That's why you should always use salt with your hash.

Unsalted, your password hash =

Hash({{Your Password}})

The attacker can brute force it from a dictionary or stepping through characters (possibly from another breach somewhere, or a silly password like boobies123).

Salted hashes are way more secure:

Hash({{Your Password}} + {{Secret}})

Now the attacker has to guess an extra secret phrase, which is often really long, that was fed into the hash function along with the user's password. And due to the beauty of one way hash functions both salted and unsalted hashes use the same amount of bytes in the DB... It's a no brainer.

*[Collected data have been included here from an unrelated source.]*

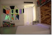 我们房间在3楼,从1楼入口要刷一次感应卡开门,可惜没电梯,30几度高温搬行李真的会飙出一身汗(还好下午有服务生帮我搬将近20kg的大行李箱,看他这样拼命晃上3楼不啰唆双手奉上小费50B)。进房第一眼的感觉有点失望,除了官网上已经看过的2面彩绘,其它墙壁都是小小的黑色涂鸦远看有点脏,地上的隔热铝箔泡棉(不知它的正确名称),被旅行箱轮子刮的都是痕迹还用胶带补起来,踩起来感觉不舒服,赶快穿拖鞋,顿时觉得这间房不值这个房价。
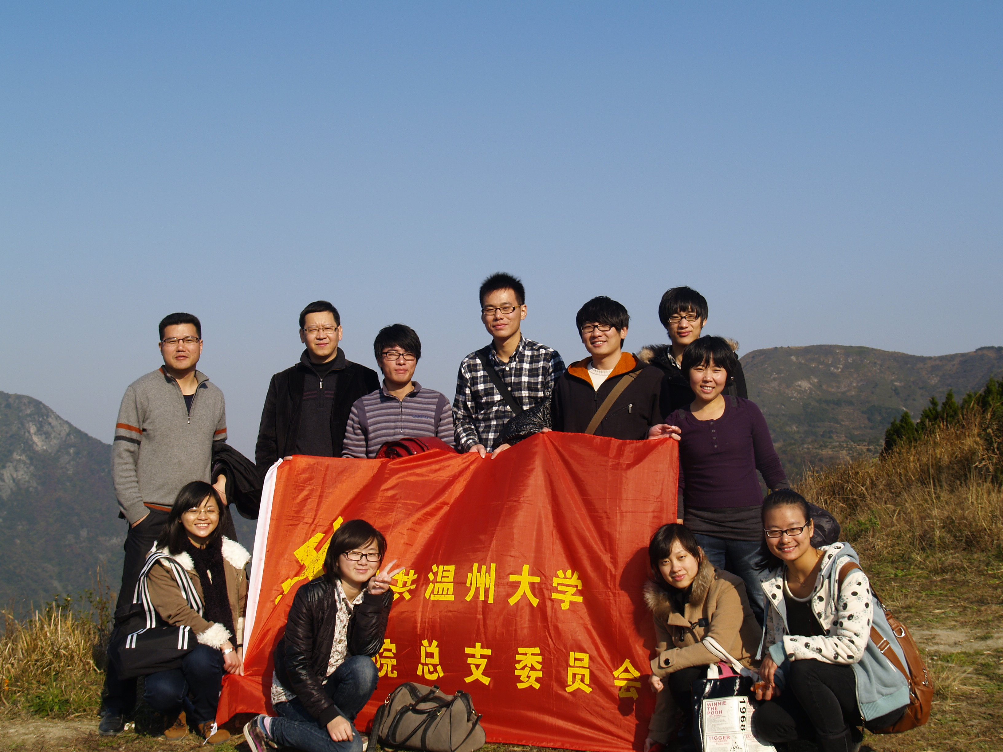 12月19日下午,我院心理系教工支部与学生支部开展支部结对共建活动,联合开展了一次别具特色的组织生活。来自心理系教工支部的郑信军和胡瑜等党员教师与心理系学生支部的全体师生党员一行12人共同攀登大罗山。一路上,师生党员共赏大罗山的秀美风光,你一言我一语,师生零距离交流,探讨自己工作、生活中的各种问题。虽然两个多小时的攀爬对于久未锻炼的我们是一个挑战,但是师生其乐融融,足够消除疲倦。
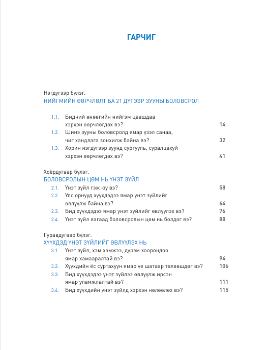 Энэ хичээлийн жилд зориулан “Бидний хүүхэд шинэ зуунд” номоо хоёр дахь удаагаа хэвлүүлэн багш Танд өргөн барьж байна. Энэхүү ном нь Танд хүүхдэдээ багаас нь амьдралын зайлшгүй хэрэгцээтэй дадал зуршил, харилцааны эв дүй эзэмшүүлэх улмаар хүүхдээ хүнлэг, идэвх оролцоо, зүтгэл чармайлттай сайн иргэн болгон төлөвшүүлэхэд туслах болно. Номыг мөн сургуулийн өмнөх боловсролын байгууллагын удирдлага, оюутан сурагчид, боловсролын бодлого бодлого боловсруулагч, шийдвэр гаргагч, мэргэжилтэн, судлаачид болон бага ангийн багш нар, бага насны хүүхэдтэй эцэг эх ашиглаж болно.
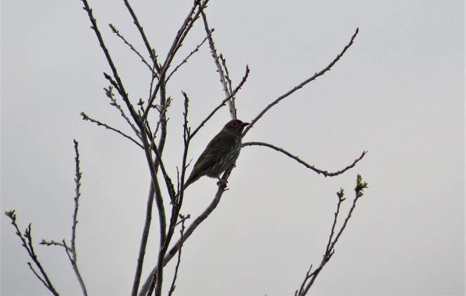 All of my figbird photos are taken from a distance. They are very shy birds who don’t get too close to people. This photo is as much about the tree as the bird, it’s my pecan nut tree, and the branches are showing signs of new growth. That means I won’t see the birds on the branches for too much longer, at least until the tree loses its leaves again next winter.
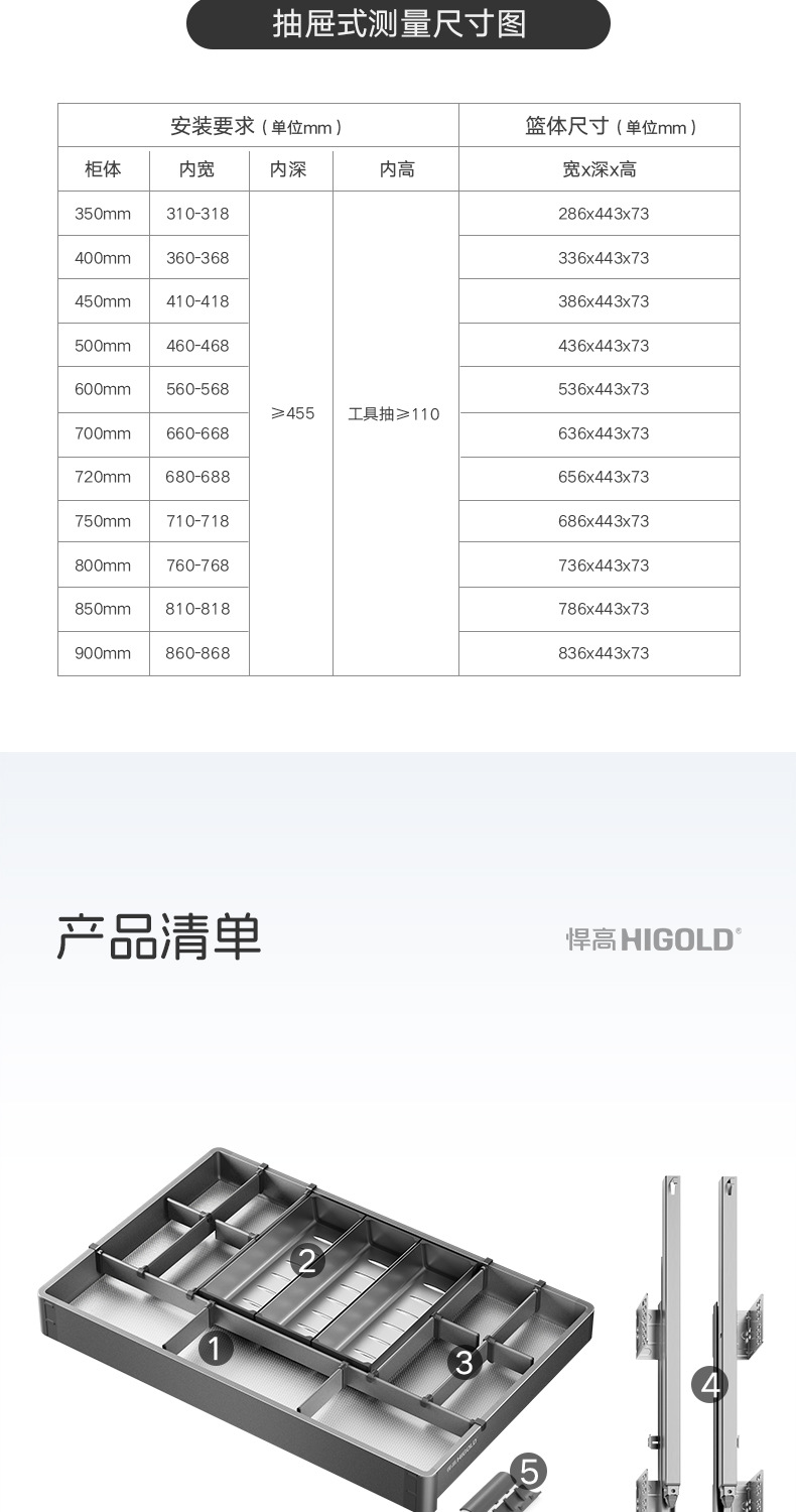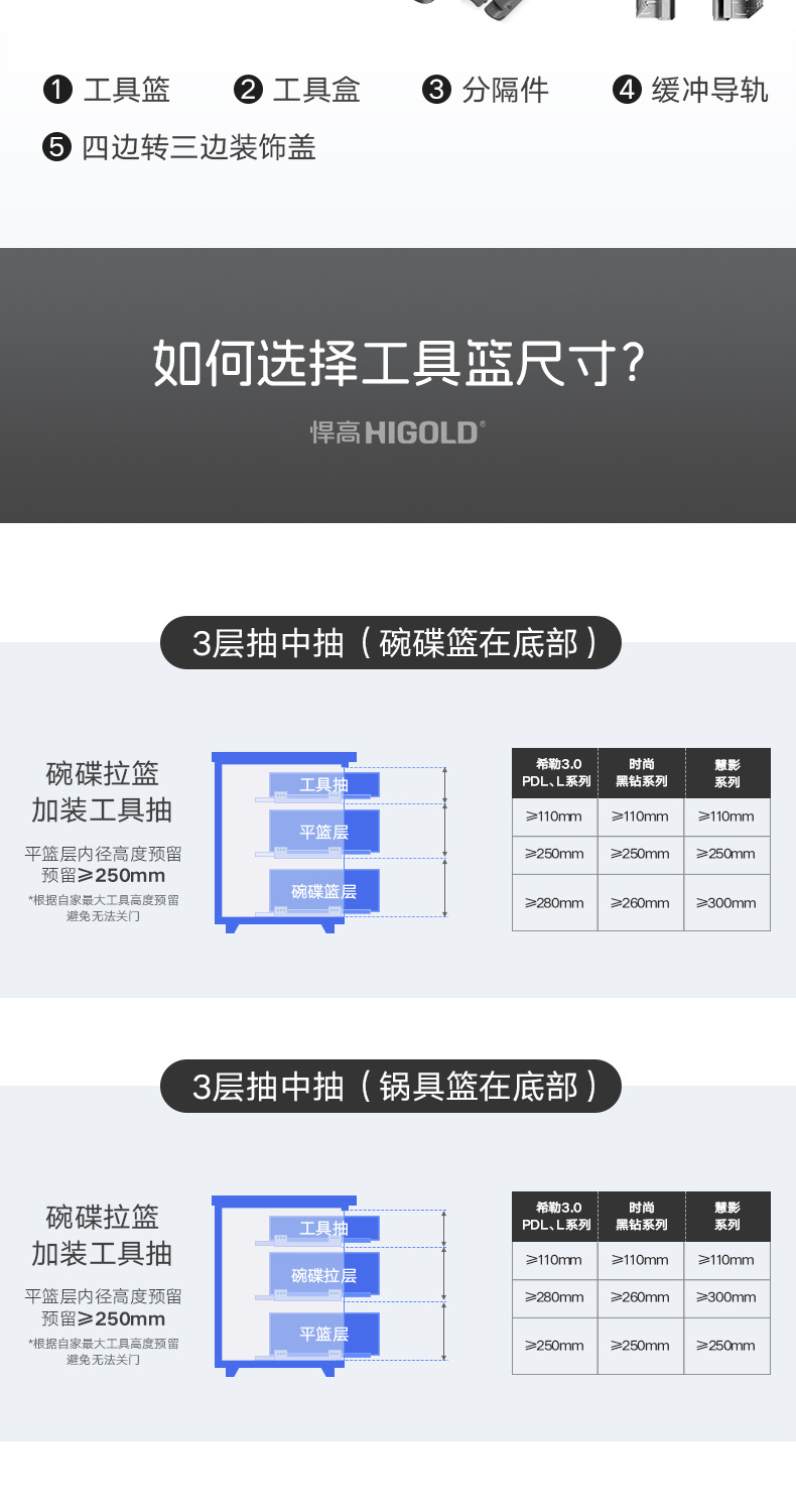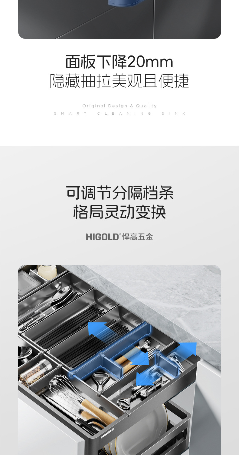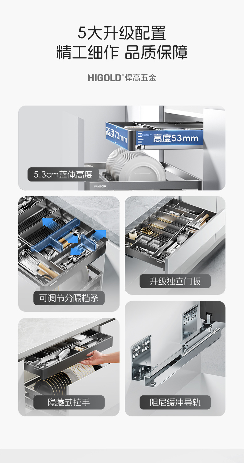 HIGOLD悍高希勒3.0mini碗碟篮平篮太空铝玻璃橱柜悍高拉篮
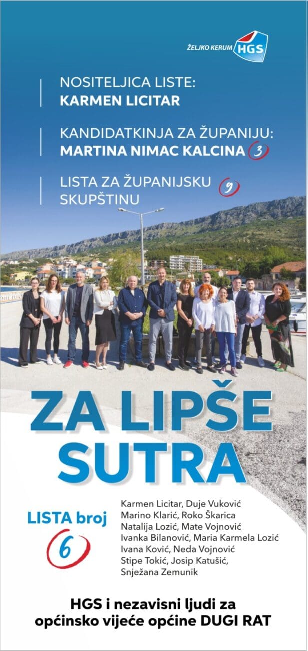 Karmen Licitar – nositeljica liste HGS-a za Općinsko vijeće Dugi Rat – poručuje: "Mi smo tu zbog vas i za vas. Glas za nas – glas je za konkretnu promjenu."
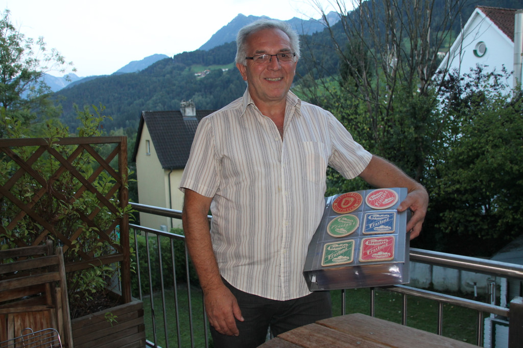 Heribert Gut, pensionierter diözesaner Druckerei-Fachmann, mit seinem Privat-Bierdeckel-Katalog.
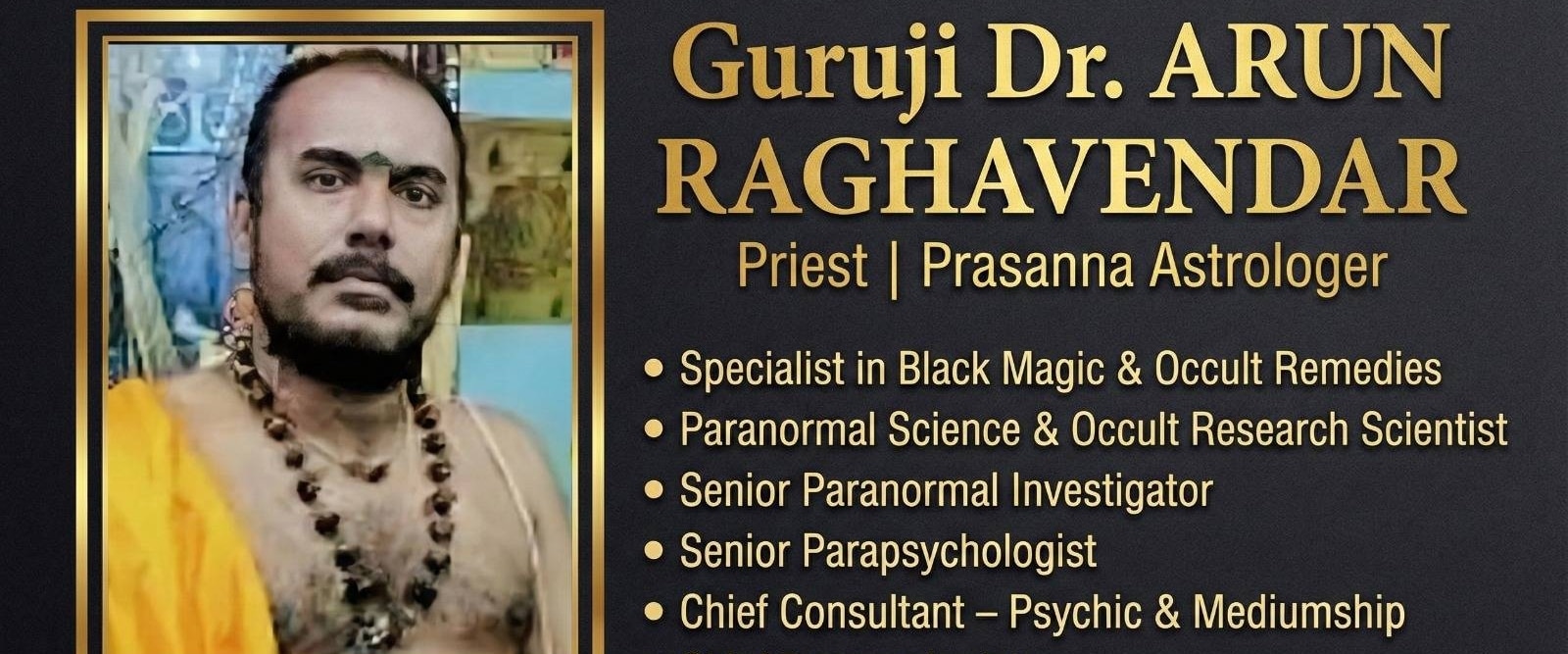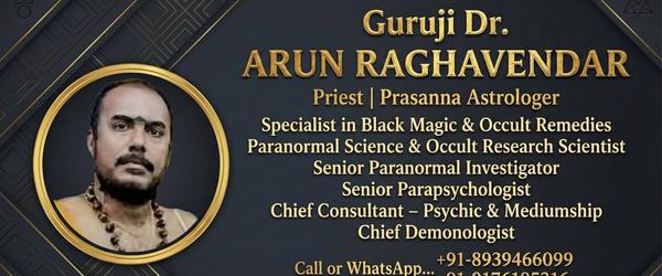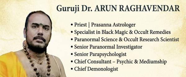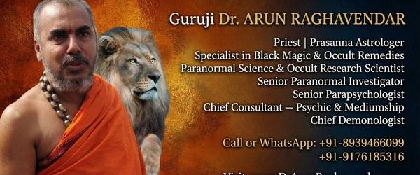 SPIRITUAL And OCCULT ASTROLOGER, Specialist In BLACK MAGIC And PRASANNAM. BLACK MAGIC EXPERT Specialist Guruji Dr ARUN RAGHAVENDAR to remove the any type of hurdle from life. And make your life problem free where you and your family can live happy life. செய்வினை, ஏவல், பில்லி, சூனியம், திருஷ்டி நீங்க, BLACK MAGIC Removal, மாந்த்ரீக தோஷம் நீங்க, வசியம் செய்ய, ஜோதிடம், ப்ரசன்னம் பார்க்க, அ...
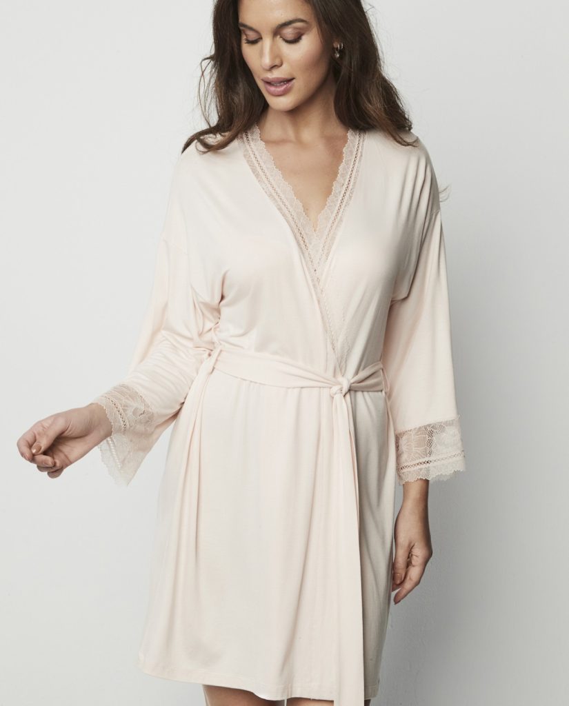 • Bata cruzada corta con lazo interior que ata a la cintura. Sus detalles de encaje en el escote y sus mangas la convierten en una prenda delicada y sofisticada a la que, además de encanto, no le falta carisma.
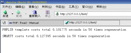 果然,測試結果如下圖,PHPLIB template有25%的速度優勢:
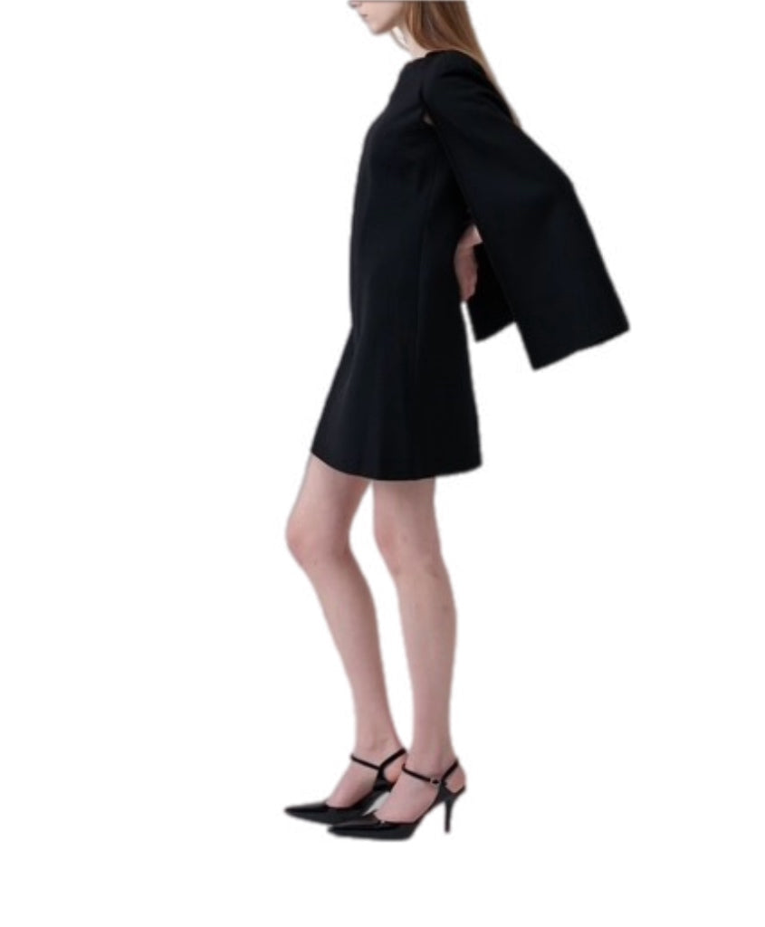 Crepe knit A-line cape dress. Rayon 35%, Polyester 26%, Wool 22%, Acrylic 13%, Nylon 4% Color: Black

It's not enough to just use a global salt.

You need to use a random salt for each user, which is stored in the DB.

You also need to use an algorithm that takes a lot of time - SHA1 and the rest are designed to be fast, on purpose. Use bcrypt or something.

(FWIW, PHP has the best batteries-included password functions i've seen in a language. `password_hash` etc just do the right thing. Copy what they do and you'll be ok)


The reason to use a salt is mostly that an attacker doesn't then have a precomputed library of hash values.

Say, if someone uses the password 'gwpmkq' and a site uses plain MD5, they store cc733aac12981561dfc4944dd34a595f in their database. Now, even a stupid attacker can google for a hash search engine, input the hash and get the password in seconds.

On the other hand, with salting the value to be hashed could be something like 'luser@fail.com:@362#^h6329hgtew:gwpmkq'. That won't be precomputed anywhere.

Of course it's also a good idea to either try to keep the salt secret or use a per-user random salt (which you store in the database). But when someone gets a full database dump, chances are they'll also get the salt.


The point of per-user salts is to avoid common passwords from revealing themselves, so that an attacker can't limit his brute-force attempts to just the users with shared passwords that will be easy to break.

The specific attack that per-user random salts are designed to prevent are pre-computed rainbow tables. Brute-forcing MD5 is nearly as fast as using rainbow tables, so the benefits are possibly dubious.

Who uses MD5 for hashing password anymore?

People one step above those who think storing plain-text passwords is okay.

I don't mean faster computationally I mean faster in terms of actually developing the product. In the scheme of even the simplest MVPs the additional developer time to hash an input twice is effectively zero.